Гений
— Кто только выдумал бабам трусы надевать. Бля, я бы тому их на голову натянул.
— Не волнуйся, пупсик, — ловко орудуя искусно наманекюренными пальчиками девица расстегнула пуговицы на брюках у мужчины, — сейчас всё поправим, — и, склонившись, надолго присосалась к вялому, сморщенному агрегату. Послышались чмокающие звуки, через некоторое время утробное тарзанье рычание у, видимо, пришедшего в боевую готовность пьянчуги.
— Куда ехать то? — повернув голову назад, спросил недовольный Василий. — И так уже полчаса по городу кружим.
— Езжай на Гоголя, шеф, — на секунду оторвалась от своих профессиональных обязанностей облизнувшая кроваво-красные губы шлюха, — а там встань под кустиком. Не волнуйся. Пупсик сейчас кончит, и тебя и меня не обидит.
— Дай то бог, — хмыкнул приободрившийся Голубев, повернулся к дороге и, увидев свет приближающихся фар, резко выкрутил баранку вправо и судорожно нажал на тормоз…
***
— И что мне теперь с тобой делать? — золотое пенсне ходуном ходило на переносице полковника, а опустивший поцарапанное лицо долу лейтенант стоял по стойке смирно, вперив взгляд в безмолвный дубовый стол. — Какого хера ты вообще их в машину посадил?!

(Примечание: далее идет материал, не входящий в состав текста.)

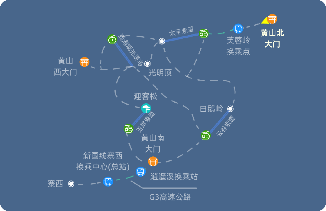 北门入线路推荐一日游:黄山北大门入→太平索道上行→排云亭→飞来石→光明顶→百步云梯→迎客松→玉屏索道下行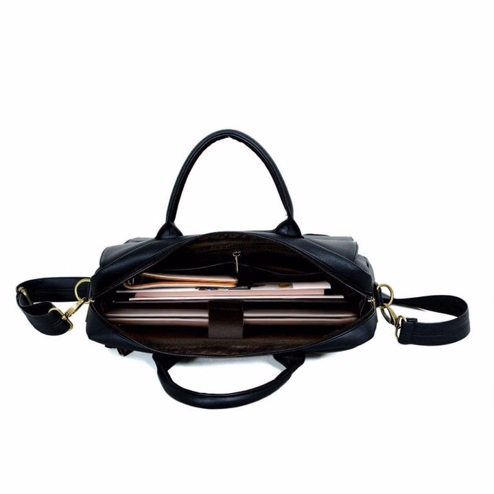 ✔️Thiết kế gồm ngăn lớn, 1 ngăn chuyên đựng Laptop, 1 ngăn lớn bạn đựng những hồ sơ và tài liệu+thêm 1 ngăn nhỏ có dây kéo bên trong tiện dụng. Thêm 2 ngăn phụ bên trong và thêm 2 ngăn dây kéo ở mặt trước và mặt sau túi cho bạn thỏa sức để đồ.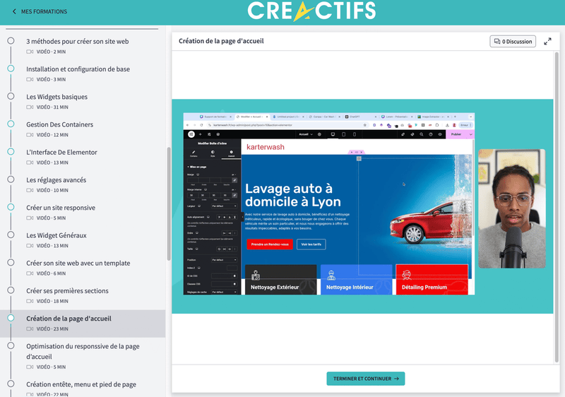 Session de formation en visio : on te montre comment modifier tes contenus, ajouter des pages et gérer ton site au quotidien.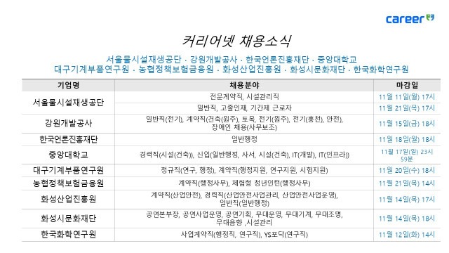 취업 포털 커리어가 서울물재생시설공단, 강원개발공사, 한국언론진흥재단, 중앙대학교, 대구기계부품연구원, 농협정책보험금융원, 화성산업진흥원, 화성시문화재단, 한국화학연구원 채용 소식을 8일 발표했다.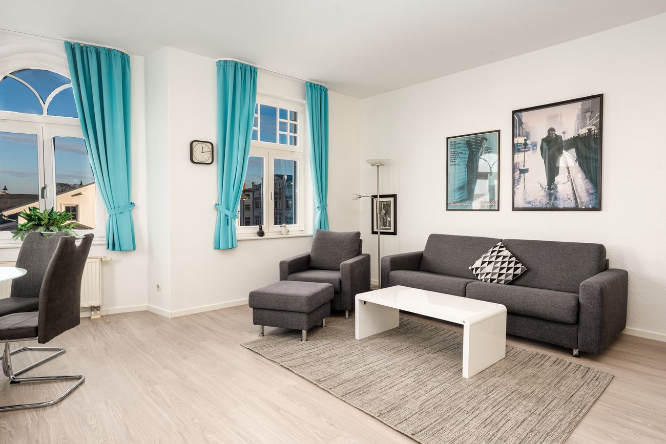 Das großzügig geschnittene 2 – Raum Apartment mit einer Größe von 68 qm groß ist für bis zu 4 Personen geeignet. Eine Aufbettung mit einem  Gästebett für eine weitere Person (Kind) ist möglich. Es besteht aus einem lichtdurchfluteten Wohn- Schlafraum, einem separaten Schlafzimmer, Küche, Balkon und einem Duschbad.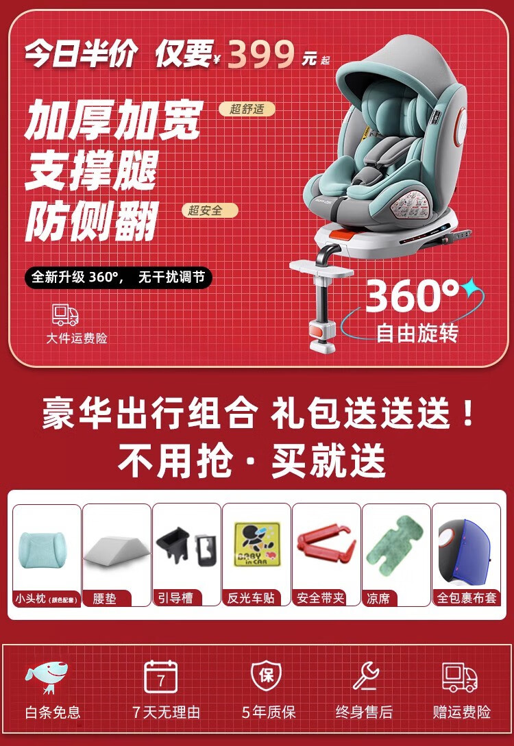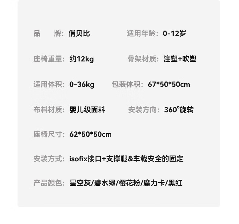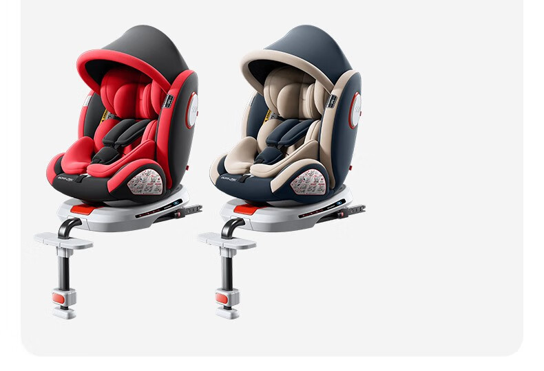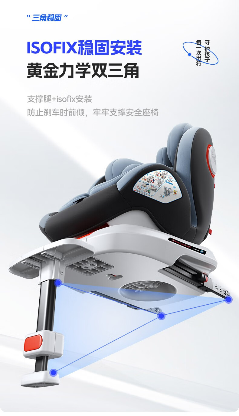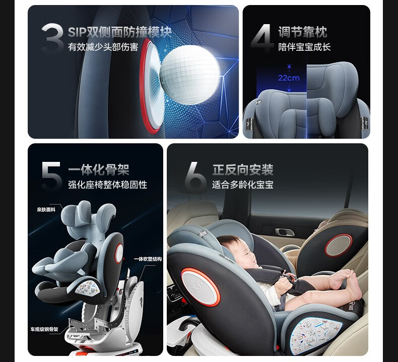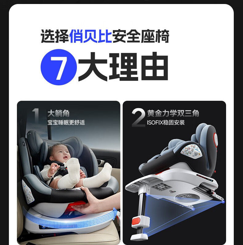 Qiaobeibi child safety seat for cars for babies aged 0-4-12 years old, 360-degree rotating i-Size certified, supreme gray, supporting legs + footrest + sunshade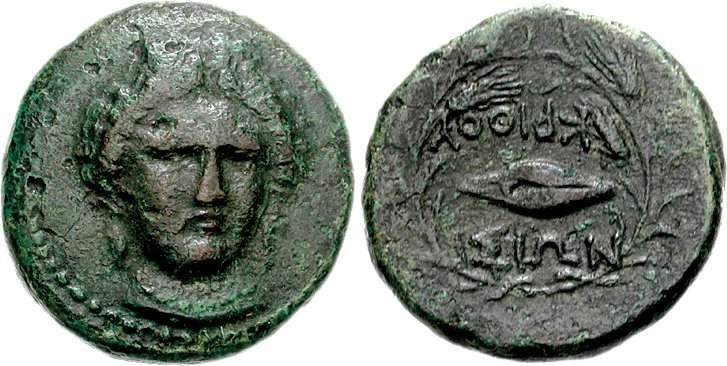 | CNG 76, 208 | Krithote, Thrace, AE20, ca. 350-281 BC. 8.08 g. Head of Demeter facing slightly right, hair in korymbos, wearing earrings and necklace. KΡIΘOY (upside down)-ΣIΩN, barley corn within wreath. CNG 76, 208. SNG Copenhagen 886 var. (head slightly left); Traité II-4 1597 var (position of legend); BMC 1 var (ditto). | Text | Image |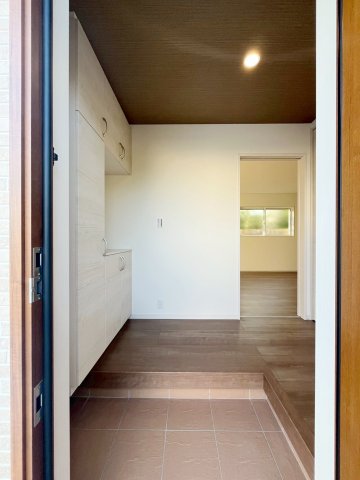 すっきりとした玄関。玄関収納付きで、生活感を出さずに収納可能です。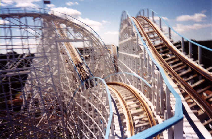 The train is going towards the track on the right for the 2nd drop.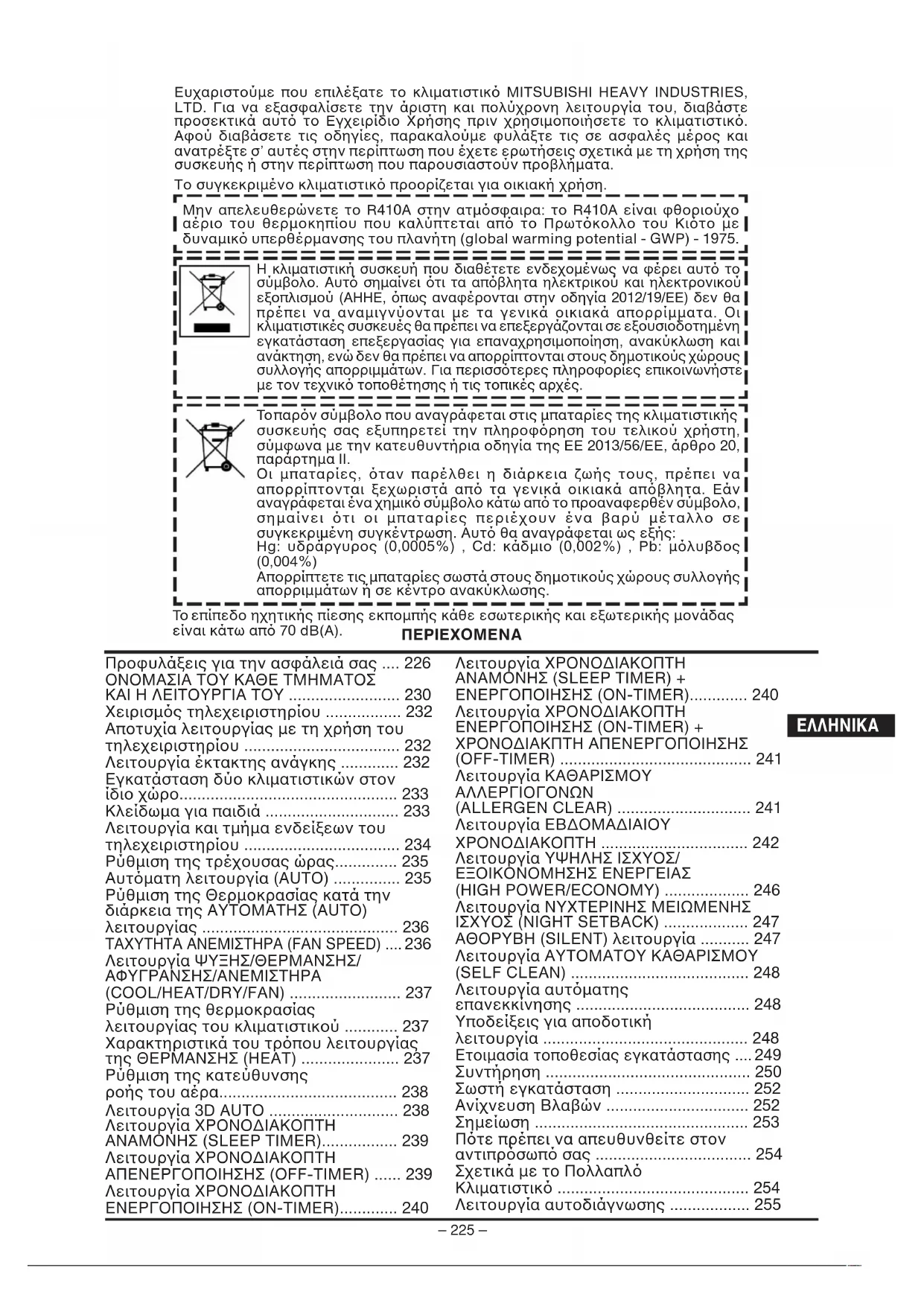 Ευχαριστούµε που επιλέξατε το κλιµατιστικ MITSUBISHI HEAVY INDUSTRIES,

— Подкалымить хотел, Борис Семёныч, — убитым голосом промямлил Васятка.
— Машину мою в губную гармошку смял, — подал голос сидящий на диване Синягин, видимо от возмущения допивавший третий стакан газировки, и легонько закинул удочку, — сколько теперь на ремонт казённых денег уйдёт!
— С твоей машиной мы после разберемся, — грозно посмотрел Пчелкин на моментально присмиревшего капитана, — не фиг вообще было пацана за руль пускать. Пусть даже на свидание с любимой девушкой. На метро бы поехал — ничего бы этого не было. А теперь… Ты хоть знаешь, малец, чей это был сынок? А по твоей милости ему эта девка член пополам перекусила, когда ты в фонарный столб въехал!
— Не виноват я, ей богу, Борис Семёныч… а деньги за машину верну.
— Вернёт он. Миллионер нашелся, — чуть успокоился начальник. Сменил пенсне на обычные роговые очки. — В командировку поедете. Оба. Как говорится, с глаз долой — из сердца вон. Но сначала к одному пенсионеру заглянете. Он вам и обскажет, что делать. А я, пока вы там прохлаждаетесь, попробую дело замять…
***
До Колдобино доехали на маршрутке. Дорога, как и сам здешний райцентр, целиком и полностью оправдывала своё неблагозвучное название. Пока доехали, у оперов вся шаурма с растворимым кофе ускоренным темпом переместились по толстому кишечнику к в ужасе сжавшемуся в предвкушении неминуемой дефекации сфинктеру. А потому, только доехав до нужной остановки, оба страдальца пулей выпрыгнули на асфальт, и, не сговариваясь, устремились к дощатому, ветхому, а также щедро усыпанному хлоркой строеньицу, к счастью, обладавшему двумя незанятыми дверьми.
— Это нам ещё повезло, — поминутно чихая, с видом знатока проинформировал пытающегося застегнуть на джинсах заевшую молнию Голубева заметно повеселевший капитан, когда опера, сделав свои дела, медленно шли по асфальтовой дорожке, приглядываясь к номерам домов.
— В смысле? — Василий, доломав замок, плюнул, и, кое как прикрыв ширинку длинной кофтой, прикурил сигарету.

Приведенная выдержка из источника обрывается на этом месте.